<<<<

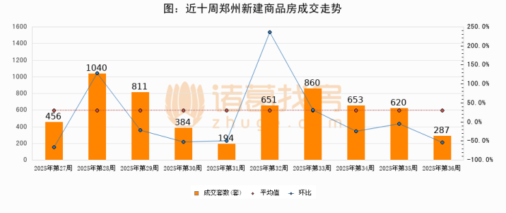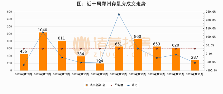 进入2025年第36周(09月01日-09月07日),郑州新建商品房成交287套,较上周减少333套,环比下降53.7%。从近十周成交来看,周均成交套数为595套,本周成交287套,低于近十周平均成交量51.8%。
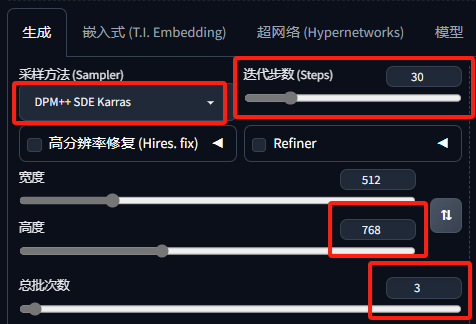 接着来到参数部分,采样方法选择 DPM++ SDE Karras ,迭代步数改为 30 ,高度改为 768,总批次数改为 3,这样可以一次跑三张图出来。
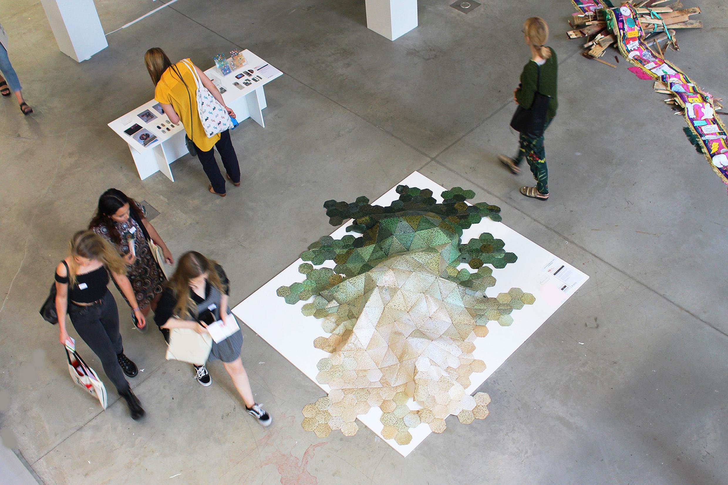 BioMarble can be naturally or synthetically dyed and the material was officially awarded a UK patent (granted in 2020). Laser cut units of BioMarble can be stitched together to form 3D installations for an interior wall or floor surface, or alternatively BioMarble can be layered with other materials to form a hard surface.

>>>>

What to work on | The listing is to be repeated word for word, with all pictures omitted.

Task output |
 进入2025年第36周(09月01日-09月07日),郑州新建商品房成交287套,较上周减少333套,环比下降53.7%。从近十周成交来看,周均成交套数为595套,本周成交287套,低于近十周平均成交量51.8%。
 接着来到参数部分,采样方法选择 DPM++ SDE Karras ,迭代步数改为 30 ,高度改为 768,总批次数改为 3,这样可以一次跑三张图出来。
 BioMarble can be naturally or synthetically dyed and the material was officially awarded a UK patent (granted in 2020). Laser cut units of BioMarble can be stitched together to form 3D installations for an interior wall or floor surface, or alternatively BioMarble can be layered with other materials to form a hard surface.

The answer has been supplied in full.